What is needed is an exact copy of the data below, pictures excluded.

====== Data excerpt

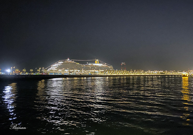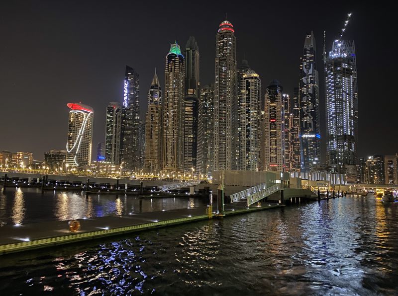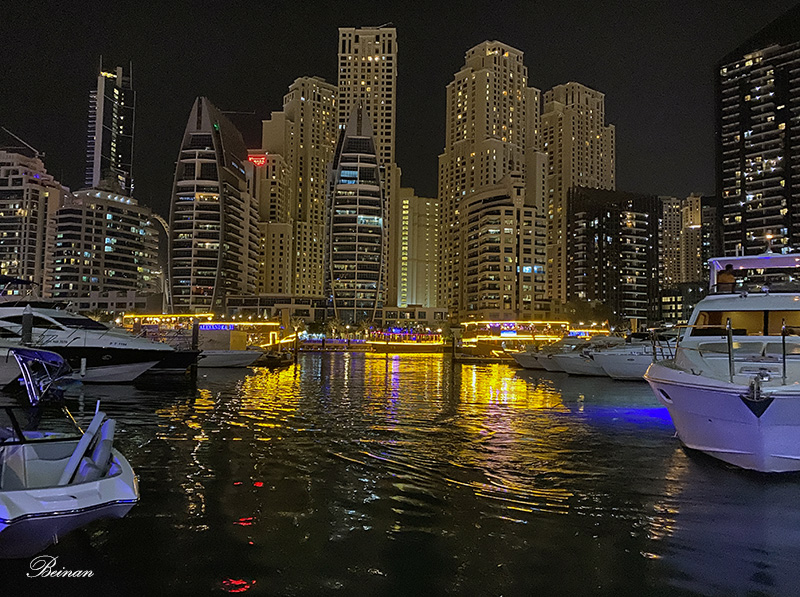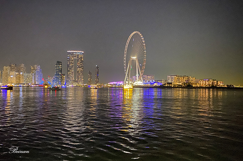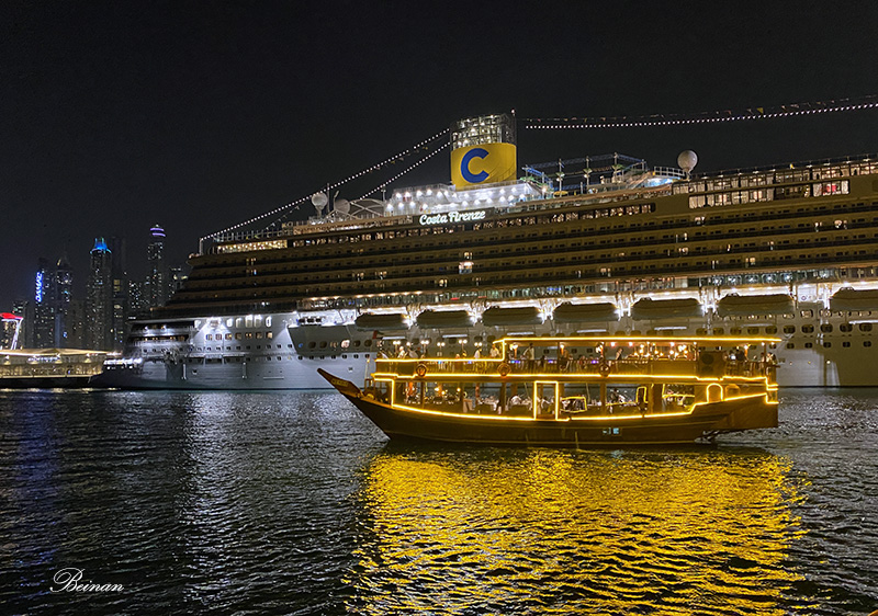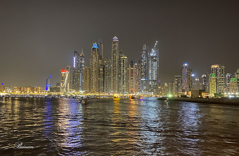 晚餐后,登上甲板,在凉爽的晚风中观赏迪拜码头的夜景。
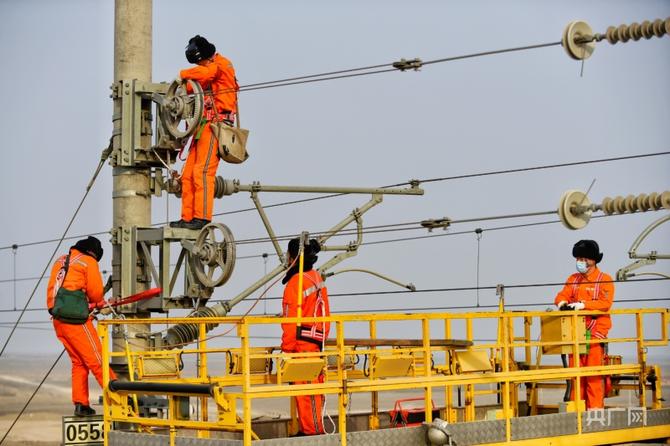 在南疆铁路鱼儿沟至望布区段,作业进行接触网验电。摆风亮摄 央广网发
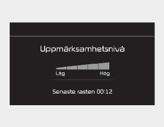 • Förarens uppmärksamhetsnivå visas på skalan mellan ett till fem. Ju lägre nivå, desto lägre är förarens uppmärksamhet.
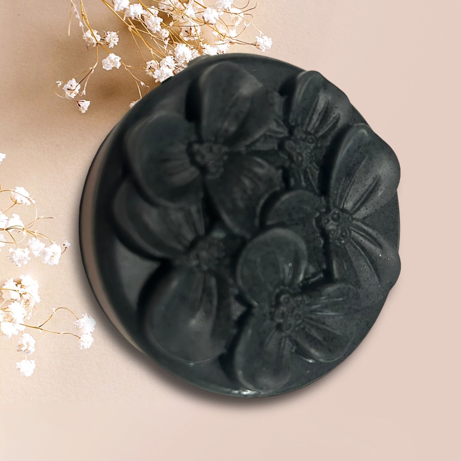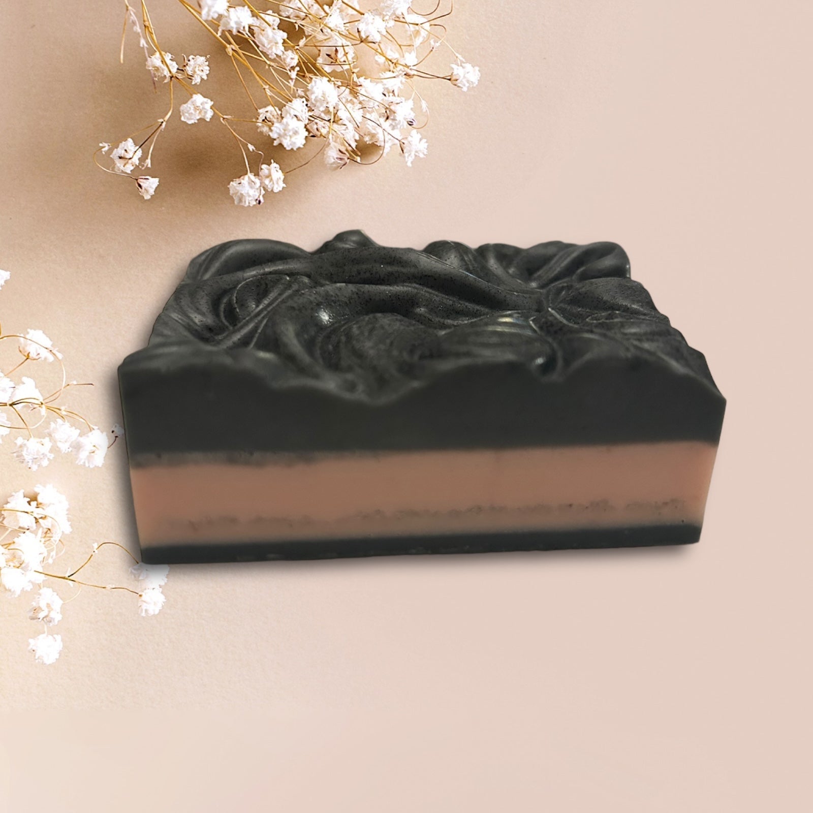 Beautiful presentation in a two-toned shea butter soap. Layers of activated charcoal and rose clay. Hints of frankincense and rose essential oils.

============

• **Your solution**:
 晚餐后,登上甲板,在凉爽的晚风中观赏迪拜码头的夜景。
 在南疆铁路鱼儿沟至望布区段,作业进行接触网验电。摆风亮摄 央广网发
 • Förarens uppmärksamhetsnivå visas på skalan mellan ett till fem. Ju lägre nivå, desto lägre är förarens uppmärksamhet.
 Beautiful presentation in a two-toned shea butter soap. Layers of activated charcoal and rose clay. Hints of frankincense and rose essential oils.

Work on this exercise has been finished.